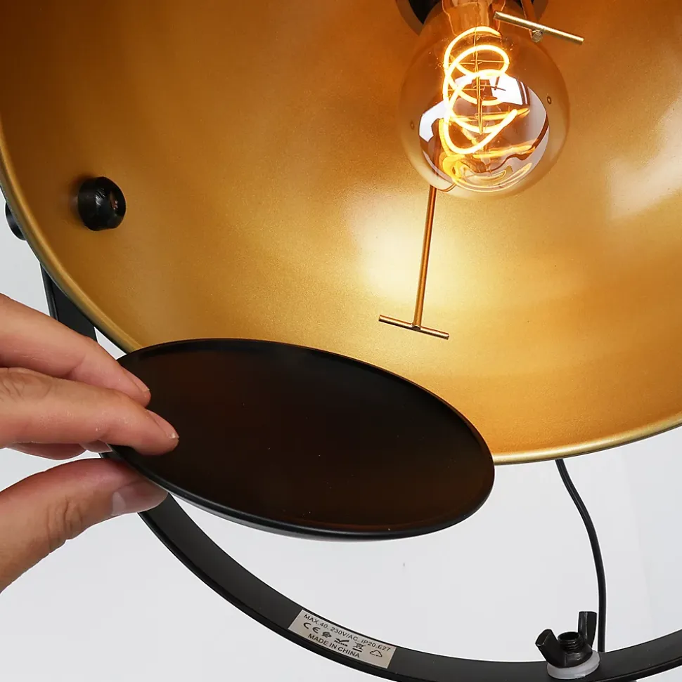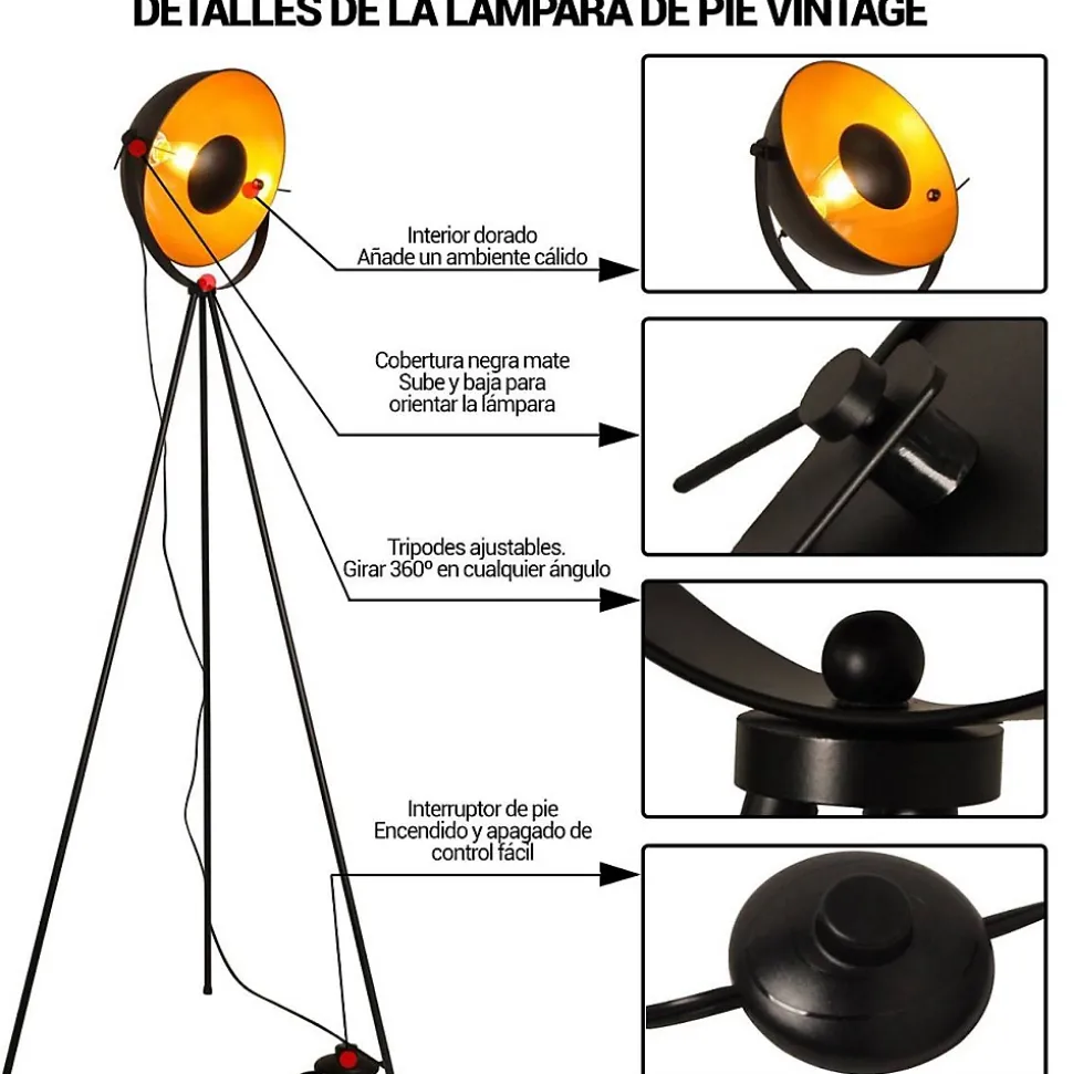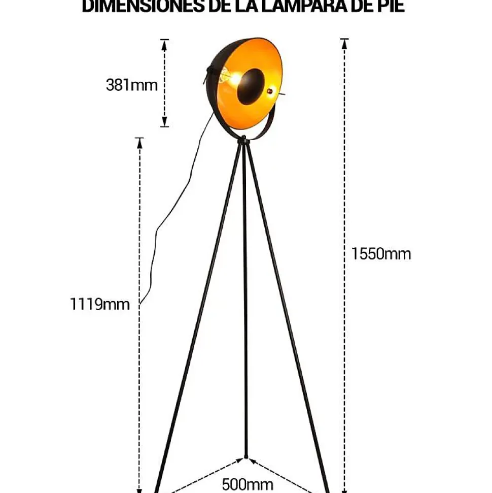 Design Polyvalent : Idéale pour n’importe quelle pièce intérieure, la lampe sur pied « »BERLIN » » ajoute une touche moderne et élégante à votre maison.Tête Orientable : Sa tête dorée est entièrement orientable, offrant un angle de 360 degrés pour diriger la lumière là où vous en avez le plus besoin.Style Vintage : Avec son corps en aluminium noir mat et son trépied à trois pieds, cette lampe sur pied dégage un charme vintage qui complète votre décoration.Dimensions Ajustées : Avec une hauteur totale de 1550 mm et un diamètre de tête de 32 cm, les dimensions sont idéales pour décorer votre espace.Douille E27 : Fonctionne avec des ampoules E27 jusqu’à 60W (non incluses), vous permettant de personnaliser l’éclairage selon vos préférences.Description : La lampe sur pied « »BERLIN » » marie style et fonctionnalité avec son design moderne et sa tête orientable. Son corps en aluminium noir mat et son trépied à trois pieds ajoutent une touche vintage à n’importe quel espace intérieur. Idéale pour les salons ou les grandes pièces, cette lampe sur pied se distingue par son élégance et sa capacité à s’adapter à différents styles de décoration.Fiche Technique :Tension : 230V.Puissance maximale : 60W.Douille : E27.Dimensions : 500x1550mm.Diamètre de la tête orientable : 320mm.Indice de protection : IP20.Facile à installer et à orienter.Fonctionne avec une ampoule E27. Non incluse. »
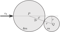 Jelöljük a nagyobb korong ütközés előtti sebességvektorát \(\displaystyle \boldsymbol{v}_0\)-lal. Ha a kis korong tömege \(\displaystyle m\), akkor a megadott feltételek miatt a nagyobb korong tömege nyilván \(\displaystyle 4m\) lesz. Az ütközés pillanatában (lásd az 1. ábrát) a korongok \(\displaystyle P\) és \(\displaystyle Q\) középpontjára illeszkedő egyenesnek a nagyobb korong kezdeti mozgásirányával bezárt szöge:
==
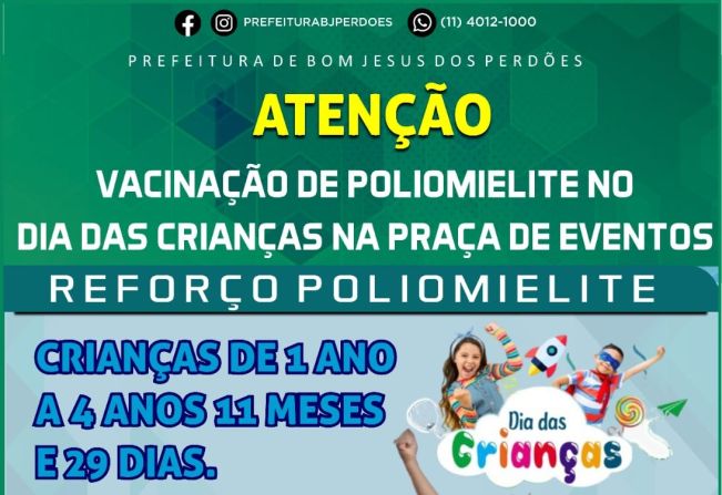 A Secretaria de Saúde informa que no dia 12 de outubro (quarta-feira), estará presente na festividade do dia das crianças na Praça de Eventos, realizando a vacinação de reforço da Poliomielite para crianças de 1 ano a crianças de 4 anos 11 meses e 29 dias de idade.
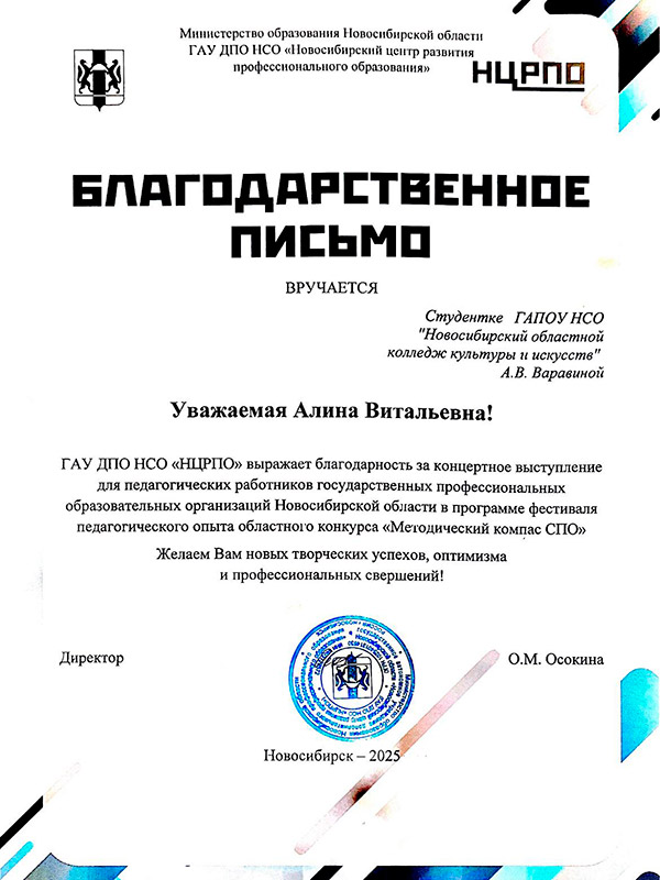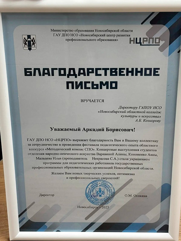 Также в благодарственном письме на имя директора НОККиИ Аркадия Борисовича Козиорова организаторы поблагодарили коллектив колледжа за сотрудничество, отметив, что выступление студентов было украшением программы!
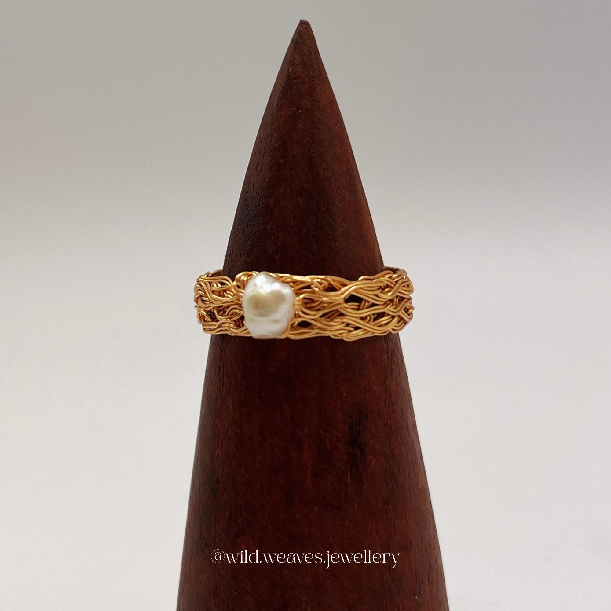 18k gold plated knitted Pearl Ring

_Work item:_
Using the records above, print exactly the lines between the ones containing "Также в благодарственном" and "18k gold plated knitted Pearl Ring", inclusive, and nothing else; no pictures.

_Answer to the problem:_
 Также в благодарственном письме на имя директора НОККиИ Аркадия Борисовича Козиорова организаторы поблагодарили коллектив колледжа за сотрудничество, отметив, что выступление студентов было украшением программы!
 18k gold plated knitted Pearl Ring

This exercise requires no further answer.